Będę robił wszystko, żeby koordynować proces budowania polskiej armii – zapowiedział w niedzielę kandydat na prezydenta Karol Nawrocki. W tym celu Nawrocki proponuje m.in. wzrost wydatków na obronność do 5 proc. PKB, zwiększenie liczby rezerwistów do miliona w 10 lat oraz liczebności armii do 300 tys.
– Będę robił wszystko, aby koordynować proces budowania polskiej armii. Musimy dążyć do tego, żeby polska armia miała co najmniej 300 tysięcy żołnierzy – mówił. W tym celu Nawrocki proponuje zwiększyć liczbę rezerwistów proponując im m.in. pobieranie uposażenia finansowego za gotowość.
– To sprawi, że w ciągu 10 lat – jestem o tym niemal przekonany, o tym mówili mi moi eksperci – będziemy mieć milion rezerwistów i będziemy na prostej drodze do tego, aby polska armia miała co najmniej 300 tysięcy żołnierzy – zapewnił kandydat.
Nawrocki zamierza zaproponować ponadto utworzenie statusu weterana służby granicznej, który wiązałby się z dodatkami socjalnymi dla żołnierzy służących na granicy.

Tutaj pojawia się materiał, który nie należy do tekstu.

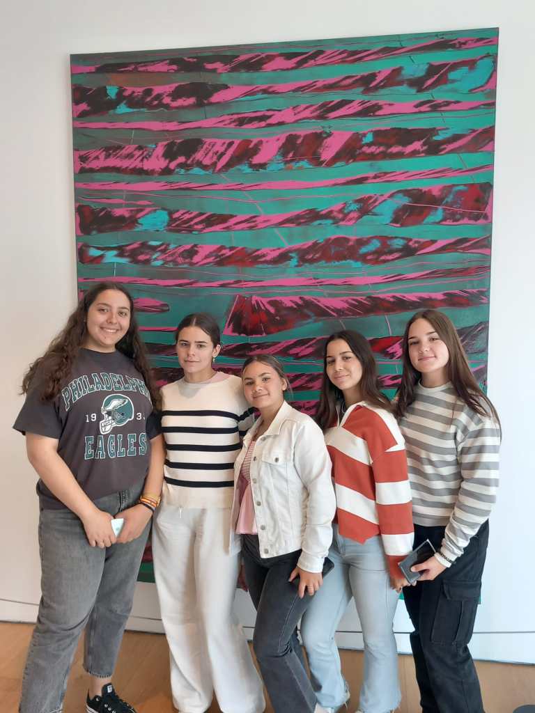 Para bajar un poco los churros con chocolate, acompañados por una representación de la Comisión Erasmus, se hizo una ruta por los espacios verdes de nuestro centro: el aula verde, el huerto, el aparca bicis ecológico, el mural de Frida Kahlo y los bancos multicolor. La ruta acabó en el aula de plástica con nuestro compañero Alejandro García, quien explicó la línea decorativa de nuestro centro y el propósito de sus creaciones artísticas junto el alumnado.

– Nasza granica w ostatnich dwóch latach stała się niemal rejonem wojennym, miejscem wojny hybrydowej. Ci, którzy na polskiej granicy służą, muszą czuć wsparcie państwa polskiego – stwierdził Nawrocki.
Nawrocki zaznaczył, że najważniejszą prerogatywą polskiego prezydenta jest bezpieczeństwo, bowiem jest on zwierzchnikiem sił zbrojnych. Jak mówił, w ciągu ostatnich dwóch lat w kraju zderzyły się dwie koncepcje bezpieczeństwa. Pierwsza z nich „realizowana przez środowiska konserwatywne, to koncepcja odnosząca się przede wszystkim do obrony całej Rzeczpospolitej”.
– Tak, linia Wisły nie była linią obrony Rzeczpospolitej i to zasadnicza siła tej koncepcji, bo jest jedna Polska i całej Polski trzeba bronić – podkreślił kandydat. To w trakcie realizowania tej pierwszej koncepcji, mówił Nawrocki, zwiększono liczbę sprzętu wojskowego, a także zwiększono liczbę polskich żołnierzy.
Popierany przez PiS kandydat mówił również o Centralnym Biurze Antykorupcyjnym. Zapowiedział, że choć, jego zdaniem, CBA jest „wykorzystywane do działań politycznych”, nie zgodzi się na jego likwidację. „Taka instytucja w państwie polskim musi istnieć i jest potrzebna” – dodał.
– Energia elektryczna musi być tańsza o 33 proc. i będę tym prezydentem, który wprowadzi taki plan – wystarczy odrzucić Zielony Ład, zielone podatki, chore projekty i programy elektrycznych samochodów, za które wszyscy płacimy – mówił .
Kandydat na prezydenta obiecał również, że jako prezydent podpisze na kolejne pięć lat moratorium na wykup polskiej ziemi.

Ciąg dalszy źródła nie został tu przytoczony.